Arroyo knows how to get himself some PT ...


----------



## YoYoYoWasup (Nov 14, 2004)

I was about to start a thread about Arroyo. This guy is a great passer, man. Ship Francis already.


----------



## YoYoYoWasup (Nov 14, 2004)

All a sudden, Lebron decides to find his shot.


----------



## JNice (Jul 13, 2002)

..

That game was over anyway. Our perimeter defense really needs to pick it up. Yet another career high given up ... this time to Sasha Pavlovic. And a third of those came on easy drives to the hoop.


----------



## STUCKEY! (Aug 31, 2005)

You guys will have a love or hate relationship with arroyo. His passes are a work of art but sometimes a little kid comes and ruins his art with crappy crayola crayons(Turnovers)


----------



## JNice (Jul 13, 2002)

SHEED! said:


> You guys will have a love or hate relationship with arroyo. His passes are a work of art but sometimes a little kid comes and ruins his art with crappy crayola crayons(Turnovers)

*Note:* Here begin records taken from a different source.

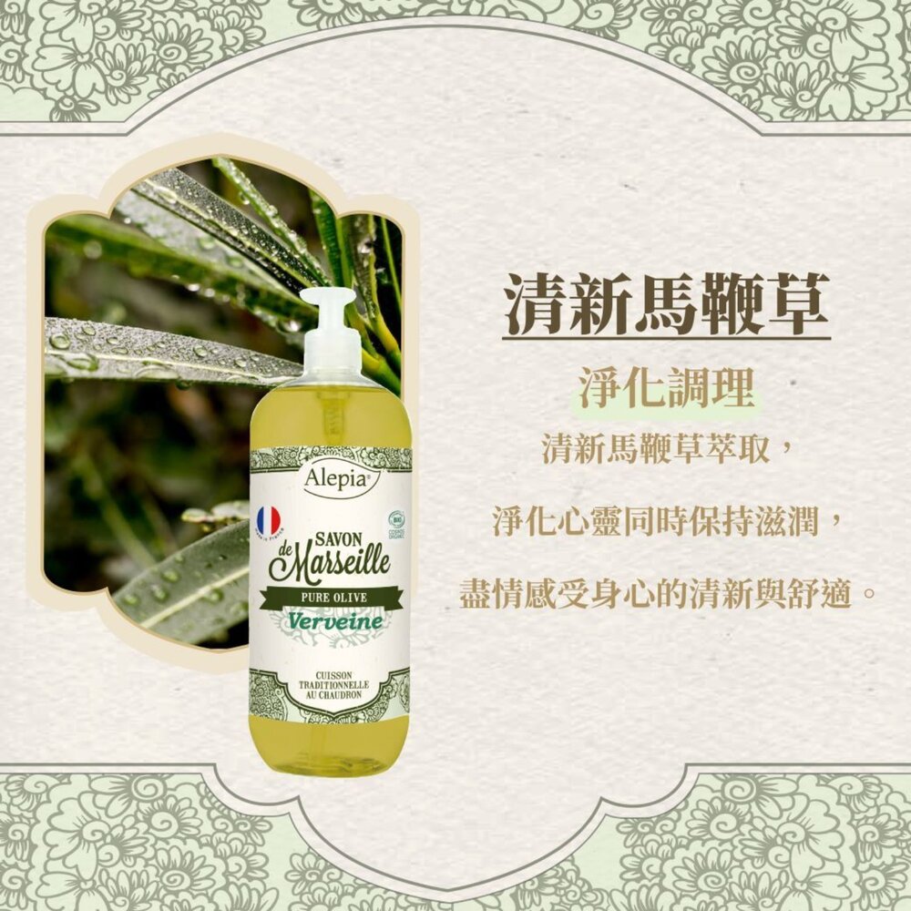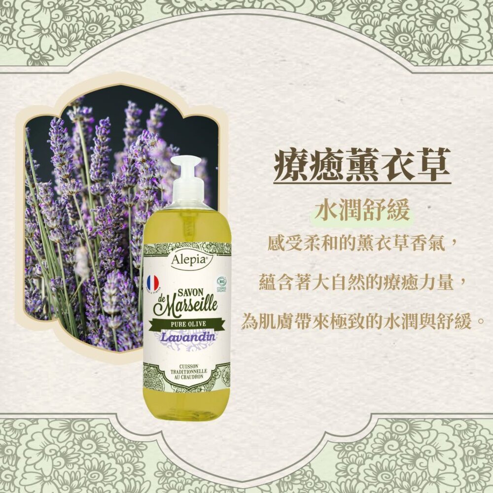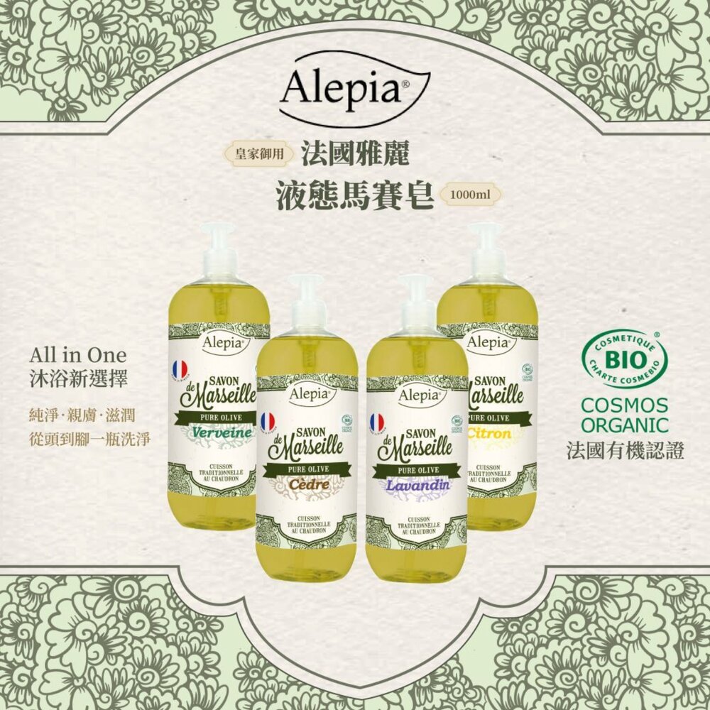 享譽全球的Alepia液態馬賽皂,以有機橄欖油為基底,不含棕櫚油、椰子油,保濕力及親膚性大大提升,讓保濕感更升級,洗完可感受肌膚保有柔滑不乾燥,維持肌膚的水潤光澤!
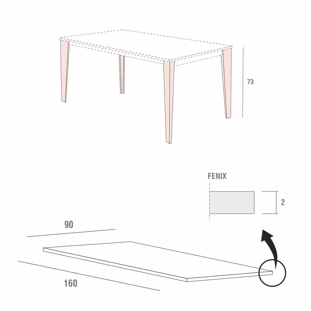 Mesa de jantar Fenix com estrutura em metal lacado Made in Italy.
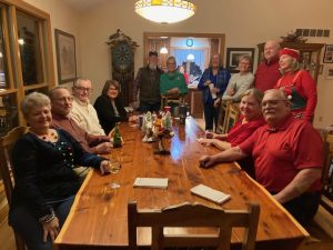 The annual Christmas social continued at the home of Jerry and Eve Yaekel, where the atmosphere was warm and welcoming. Attendees enjoyed a delicious meal prepared by the December Social Committee, which set the tone for a delightful evening of camaraderie and festive cheer.
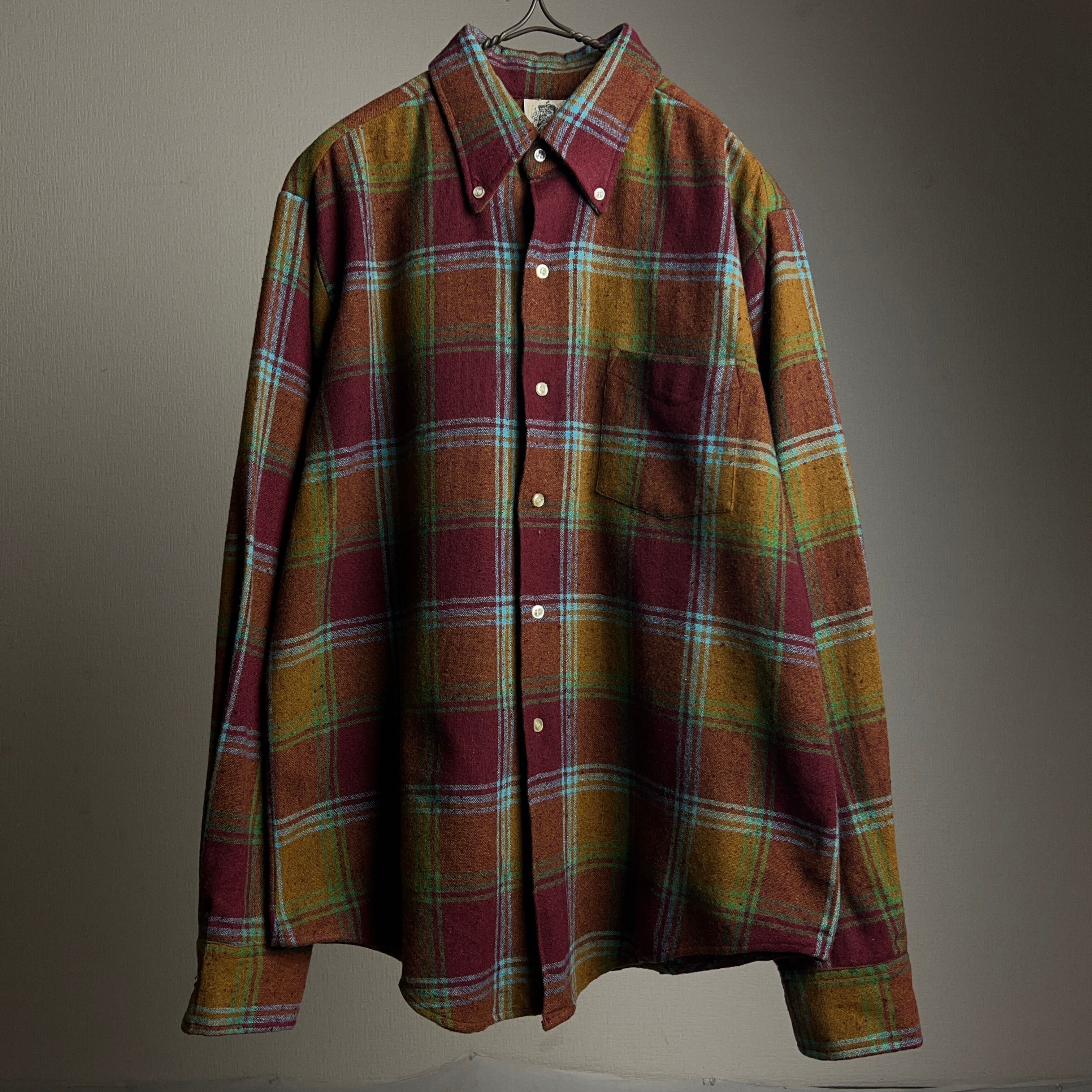60's KENNINGTON Plaid Wool Shirt SIZE L 60年代 ケニントン チェックウールシャツ【1000A944】

You're talking to the fans of a team who have been watching Steve Francis for two years. I think we'll deal.

Any guy who comes into the game and in about 4 mins of play feeds the Big Future 4 times with beautiful passes is all good with me.


----------



## STUCKEY! (Aug 31, 2005)

JNice said:


> You're talking to the fans of a team who have been watching Steve Francis for two years. I think we'll deal.
> 
> Any guy who comes into the game and in about 4 mins of play feeds the Big Future 4 times with beautiful passes is all good with me.


True good point. Yeah but i think he will succeed in orlando


----------



## MLKG (Aug 25, 2003)

Yeah I was going to say you'll get sick of Arroyo quickly. He doesn't really move the ball around and the pick and roll is the only thing he can run effectively.....

Then I remember that's actuaully an improvement for Orlando. 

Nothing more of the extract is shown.